Please consider trimming down your f_wo_append function:
def f_wo_append():
'''Function without append'''
P = 75
numcustomers = 0
for person in popn.people:
person.customer = iscust = person.utility >= P
numcustomers += iscust
return numcustomers
Edit in response to OP's comment """This made it a lot worse!
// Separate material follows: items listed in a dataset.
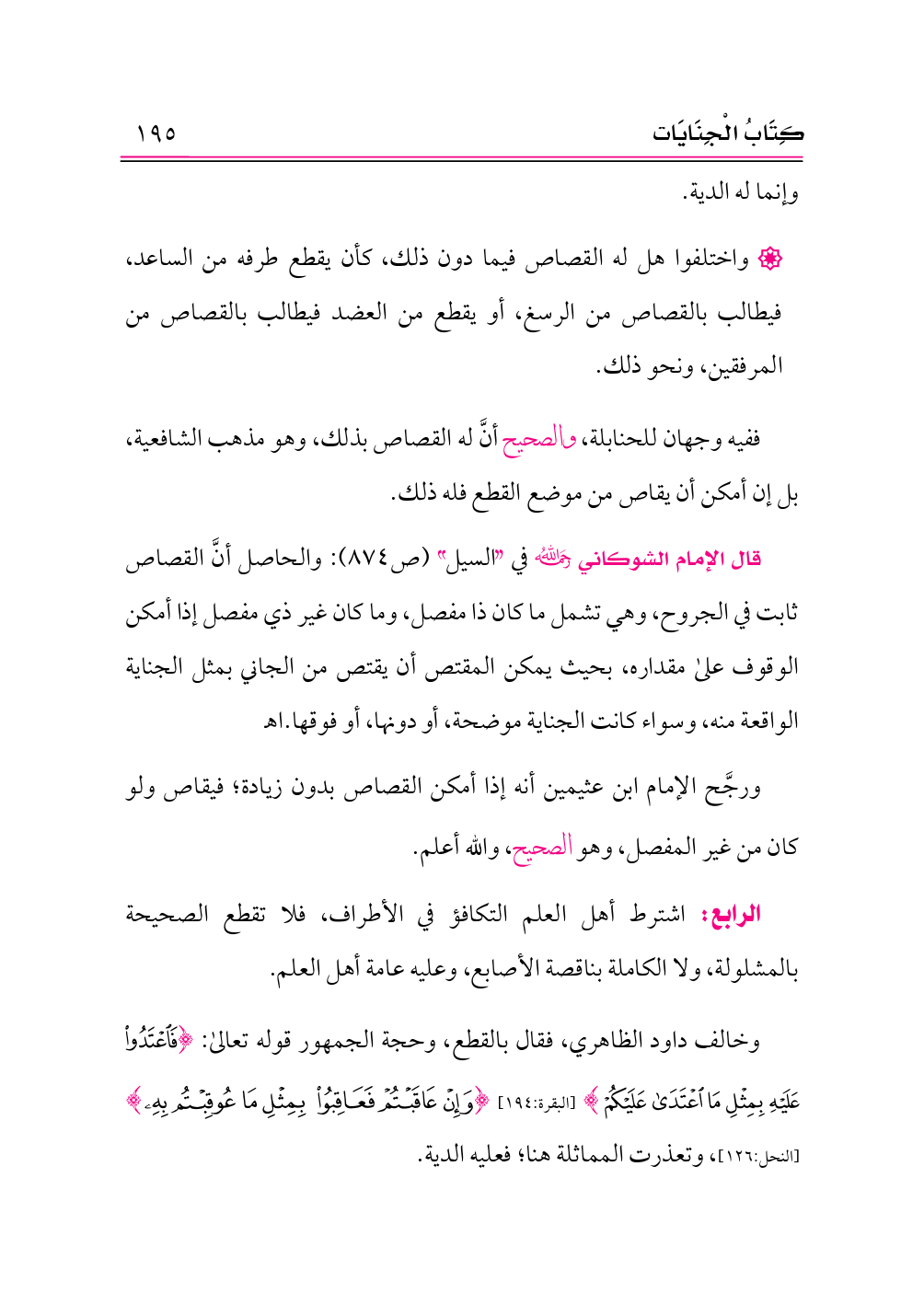 قال الإمام الشوكاني -رحمه الله- في «السيل» (ص ٨٧٤): والحاصل أنَّ القصاص ثابت في الجروح، وهي تشمل ما كان ذا مفصل، وما كان غير ذي مفصل إذا أمكن الوقوف على مقداره، بحيث يمكن المقتص أن يقتص من الجاني بمثل الجناية الواقعة منه، وسواء كانت الجناية موضحة، أو دونها، أو فوقها. اهـ
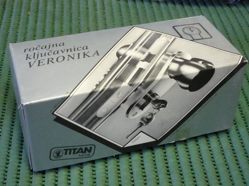 Brava Veronika ( TITAN ), kompletne kugle i štitovi od inoxa + brava od čelika na cilindrični uložak po želji. Pritiskom na crni gumb otvarate vrata, cilindričnim ključem zaključavate vrata. Cilindar nije u kompletu! Brava je nova.
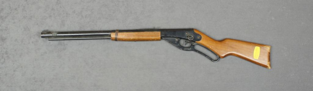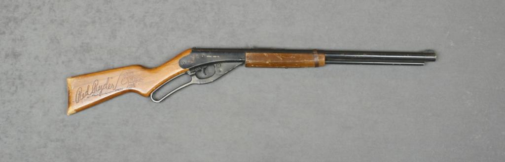 Daisy Red Ryder Model 1938 A-B lever action BB rifle in overall untouched good condition with majority of black paint finish remaining, good wood with some scattered nicks, mars and scratches from years ofstorage. Est.: $75-$150.
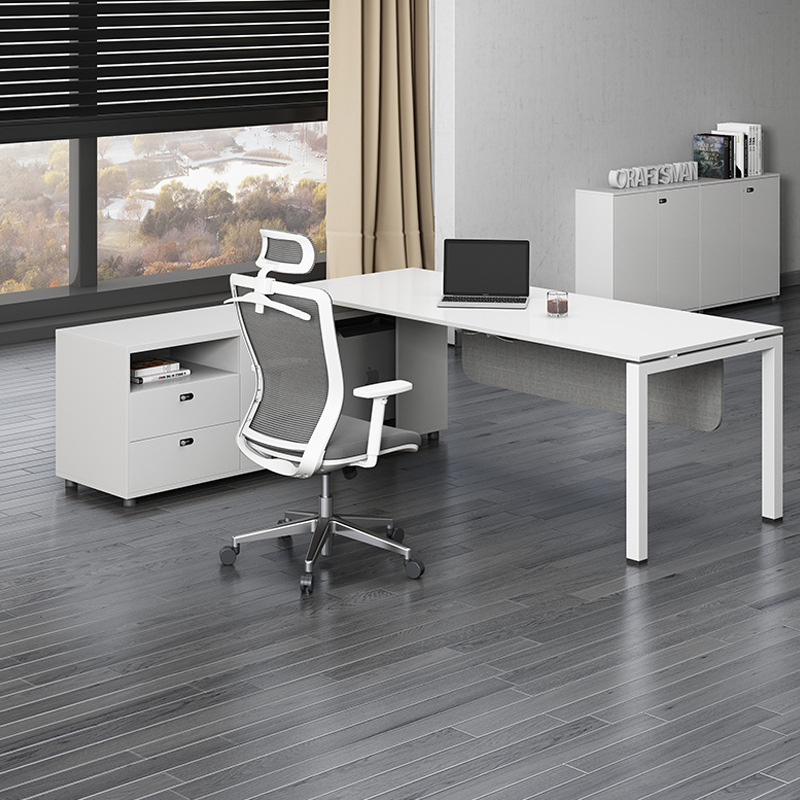 白色老板办公桌椅组合大班台总裁桌主单人管桌简约现代办公经理桌
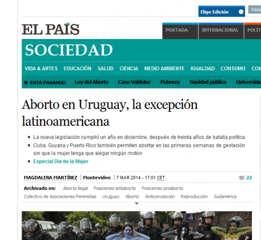 El pasado mes de diciembre se cumplió un año desde la aplicación de la nueva legislación de Uruguay sobre el aborto, objeto de treinta años de una batalla política de rara intensidad. Este país es el cuarto que autoriza el aborto en América Latina, después de Cuba, Guyana y Puerto Rico. En este último la ley teóricamente prohíbe el aborto que no esté indicado por un médico para proteger la salud de la embarazada, pero esa ley contraviene un dictamen del Tribunal Supremo de EE UU que es de aplicación también en la isla al afectar a derechos fundamentales. La legalización de la interrupción voluntaria del embarazo en Uruguay tiene, sin embargo, una importancia inédita en Latinoamérica, teniendo en cuenta las restrictivas legislaciones de los países de su entorno como Brasil y Argentina.

The trimmed version takes 4 times more time than the version I have posted above. """
There is no way that that could take "4 times more" (5 times?) ... here is my code, which demonstrates a significant reduction in the "without append" case, as I suggested, and also introduces a significant improvement in the "with append" case.
import random # instead of numpy
import time
timer_func = time.clock # better on Windows, use time.time on *x platform
class Person(object):
def __init__(self, util):
self.utility = util
self.customer = 0
class Population(object):
def __init__(self, numpeople):
random.seed(1)
self.people = [Person(random.uniform(0, 300)) for i in xrange(numpeople)]
self.cus = []
self.noncus = []
def f_w_append(popn):
'''Function with append'''
P = 75
cus = []
noncus = []
for per in popn.people:
if per.utility >= P:
per.customer = 1
cus.append(per)
else:
per.customer = 0
noncus.append(per)
popn.cus = cus # omitted from OP's code
popn.noncus = noncus # omitted from OP's code
return len(cus)
def f_w_append2(popn):
'''Function with append'''
P = 75
popn.cus = []
popn.noncus = []
cusapp = popn.cus.append
noncusapp = popn.noncus.append
for per in popn.people:
if per.utility >= P:
per.customer = 1
cusapp(per)
else:
per.customer = 0
noncusapp(per)
return len(popn.cus)
def f_wo_append(popn):
'''Function without append'''
P = 75
for per in popn.people:
if per.utility >= P:
per.customer = 1
else:
per.customer = 0
numcustomers = 0
for per in popn.people:
if per.customer == 1:
numcustomers += 1
return numcustomers
def f_wo_append2(popn):
'''Function without append'''
P = 75
numcustomers = 0
for person in popn.people:
person.customer = iscust = person.utility >= P
numcustomers += iscust
return numcustomers
if __name__ == "__main__":
import sys
popsize, which, niter = map(int, sys.argv[1:4])
pop = Population(popsize)
func = (f_w_append, f_w_append2, f_wo_append, f_wo_append2)[which]
t0 = timer_func()
for _unused in xrange(niter):
nc = func(pop)
t1 = timer_func()
print "popsize=%d func=%s niter=%d nc=%d seconds=%.2f" % (
popsize, func.__name__, niter, nc, t1 - t0)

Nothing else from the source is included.